Using the Ground Squirrel (Marmota bobak) as an Animal Model to Assess Monkeypox Drug Efficacy.

In experiments to study the sensitivity of ground squirrels (Marmota bobak) to monkeypox virus (MPXV) at intranasal challenge, expressed pox-like clinical symptoms (hyperthermia, lymphadenitis, skin rash all over the body and mucous membranes and others) were observed 7-9 days post-infection. The 50% infective dose (ID50 ) of MPXV for these marmots determined by the presence of clinical signs of the disease was 2.2 log10 PFU. Some diseased marmots (about 40%) died 13-22 days post-infection, and the mortality rate was weakly dependent on MPXV infective dose. Lungs with trachea were primary target organs of marmots challenged intranasally (with ~30 ID50 ). The pathogen got to secondary target organs of the animals mainly via the lymphatic way (with replication in bifurcation lymph nodes).

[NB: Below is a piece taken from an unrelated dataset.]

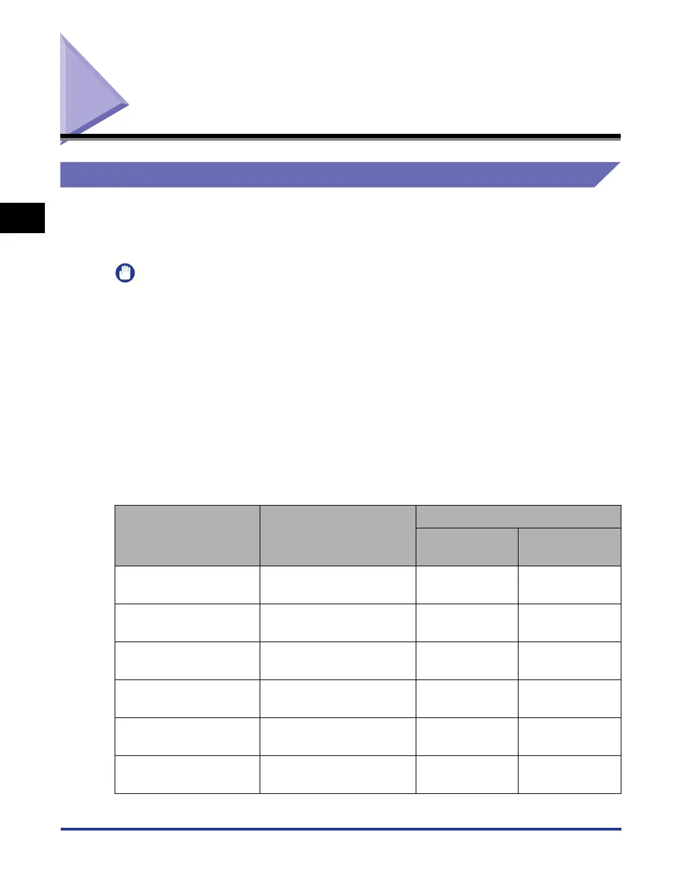The following shows the usable paper sizes. A circle mark (O) indicates that the

Lungs with trachea, nasal mucosa and skin were the organs where the maximum MPXV amounts accumulated in these animals. Evidences of the pathogen presence and replication were revealed in these and subcutaneously infected marmots in the traditional primary target cells for MPXV (macrophages and respiratory tract epitheliocytes), as well as in some other cells (endotheliocytes, plasmocytes, fibroblasts, reticular and smooth muscle cells). Our use of this animal species to assess the antiviral efficacy of some drugs demonstrated the agreement of the obtained results with those described in scientific literature, which opens up the prospects of using marmots as animal models for monkeypox to develop therapeutic and preventive anti-smallpox drugs.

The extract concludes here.